▶ _Assigned task_
Retype the opening lines of the data exactly, stopping after the line that contains "للعمل. قال أبو". Skip every picture.

▶ _Supplied data_

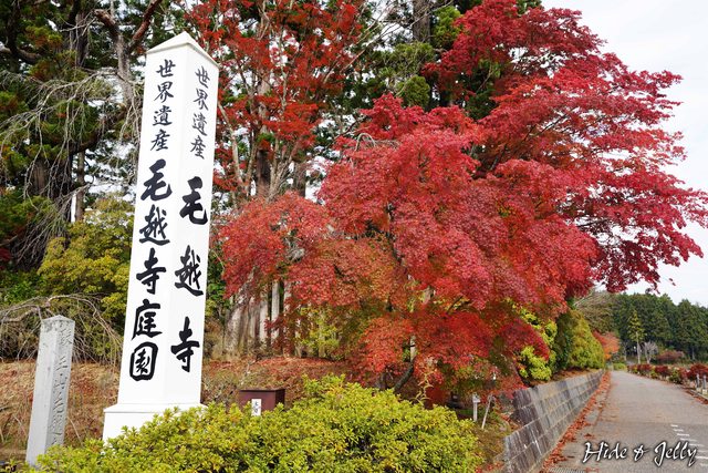 世界遺產毛越寺庭園的碑旁,就有火紅的楓葉在歡迎我們了,一旁的「醫王山毛越寺」石
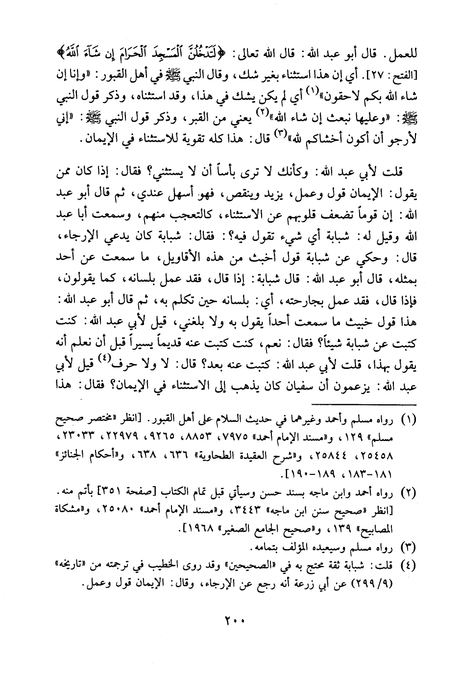 للعمل. قال أبو عبد الله: قال الله تعالى: {لَتَدْخُلُنَّ الْمَسْجِدَ الْحَرَامَ إِن شَاء اللَّهُ آمِنِينَ} [الفتح: 27] أي: أن هذا استثناء بغير شك، وقال النبي صلى الله عليه وسلم في أهل القبور: " وإنَّا إن شاء الله بكم لاحقون " أي: لم يكن يشك في هذا، وقد استثناه وذكر قول النبي صلى الله عليه وسلم: " وعليها نُبْعَثُ إن شاء الله ": يعني: من القبر، وذكر قول النبي صلى الله عليه وسلم: " إني لأرجو أن أكون أخشاكم لله " قال: هذا كله تقوية للاستثناء في الإيمان.
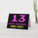 A frente deste design de cartão de saudação de temas divertidos, geek e nerdy aniversário apresenta um grande número cor-de-rosa "13", juntamente com a mensagem "HAPPY BIRTHDAY", em cor-de-rosa, e um nome de destinatário personalizado amarelo ousado. O texto apresenta uma aparência inspirada pela do estilo antigo, jogos de computador e gráficos de jogos de vídeo de 8 bits dos anos 1970 e 1980, e o fundo é preto colorido. O dentro apresenta uma mensagem de saudação de aniversário personalizada, ou talvez possa ser apagado e deixado o vazio se uma mensagem for escrita manualmente. Um cartão de aniversário personalizado de bobo como este pode ser uma forma divertida de celebrar o décimo terceiro aniversário de alguém. [~Z0000478]

▶ _Result below_
 世界遺產毛越寺庭園的碑旁,就有火紅的楓葉在歡迎我們了,一旁的「醫王山毛越寺」石
 للعمل. قال أبو عبد الله: قال الله تعالى: {لَتَدْخُلُنَّ الْمَسْجِدَ الْحَرَامَ إِن شَاء اللَّهُ آمِنِينَ} [الفتح: 27] أي: أن هذا استثناء بغير شك، وقال النبي صلى الله عليه وسلم في أهل القبور: " وإنَّا إن شاء الله بكم لاحقون " أي: لم يكن يشك في هذا، وقد استثناه وذكر قول النبي صلى الله عليه وسلم: " وعليها نُبْعَثُ إن شاء الله ": يعني: من القبر، وذكر قول النبي صلى الله عليه وسلم: " إني لأرجو أن أكون أخشاكم لله " قال: هذا كله تقوية للاستثناء في الإيمان.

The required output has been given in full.